Our best philosophy of science has taught us the extent to which our epistemology creates our world. Not only reason and empiricism but faith, hope, and compassion play a major role in constellating reality. And this is perhaps the underlying message of our modern Enlightenment's unexpected darkening of the world: At the heart of cognition is a moral dimension. To assume that purpose, meaning, and conscious intelligence are solely attributes of the human being, and that the great cosmos itself is a soulless void, reflects an invisible act of cosmic hubris on the part of the modern self that has come back to haunt us, as in a Greek tragedy, with the alienation of the modern psyche in a disenchanted universe and a rapidly deteriorating planetary ecosystem. In essence, our task may be to move from an I-It relationship with the universe, to an I-Thou relationship: from objectification to intimacy.

I believe we have a choice. There are many possible universes, many possible meanings, floating through us. We are not solitary separate subjects in a meaningless universe of objects upon which we can and must impose our egocentric will. Nor are we just empty vessels, as it were, on automatic, passively playing out the intentions of the world soul, the anima mundi. Rather, we are creative participants, as autonomous yet embedded interpreters, in a co-evolutionary unfolding of reality. And critical to that participation is the role of love as a radical openness to the other, an openness to mystery, an affirmation of the universe as Thou rather than It. With that insight, once again our knowledge will be seen to be intimately connected with our moral and aesthetic aspirations, the True intimately connected with the Good and the Beautiful.

May I end with a statement from Vaclav Havel, spoken during a visit to California six years ago?

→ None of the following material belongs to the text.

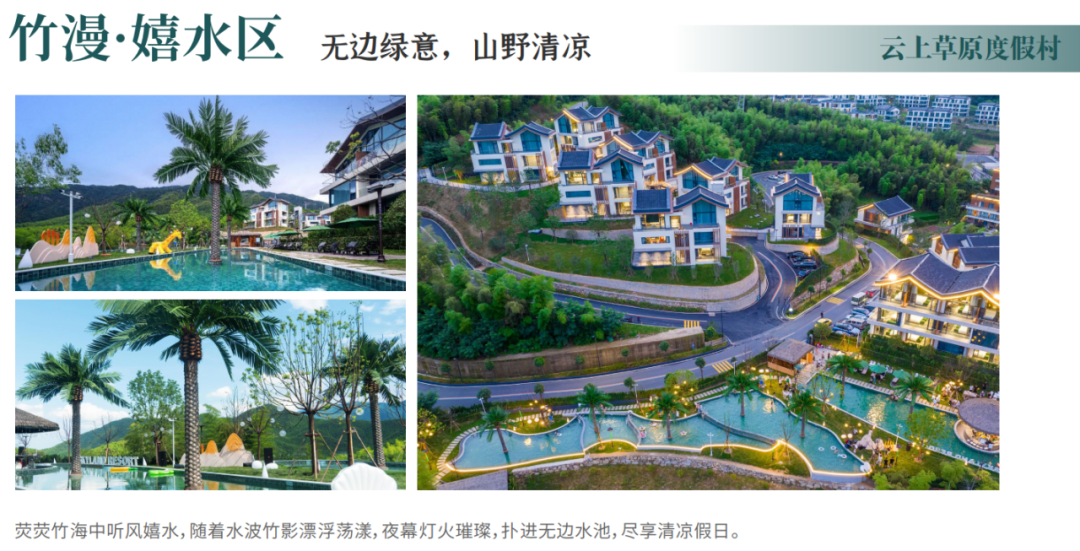 云上草原国际山地旅游度假区,位于浙江安吉山川乡,占地约6.2平方公里,总投资逾60亿元。项目深入践行“绿水青山就是金山银山、冰天雪地也是金山银山”的发展理念,利用海拔1168米的稀缺高山资源,建设成高山草原(星空滑雪场)、悬崖心跳乐园、云上仙侠镇、云上草原度假村、熊猫部落探险乐园、七星谷漂流六大板块内容为游客带来“春赏花、夏避暑、秋登山、冬滑雪”的高山四季度假全体验,造就了“云上一天 草原四季”的独特美域。

Planetary democracy does not yet exist, but our global civilization is already preparing a place for it: It is the very Earth we inhabit, linked with Heaven above us.
Only in this setting can the mutuality and the commonality of the human race be newly created, with reverence and gratitude for that which transcends each of us, and all of us together. The authority of a world democratic order simply cannot be built on anything else but the revitalized authority of the universe.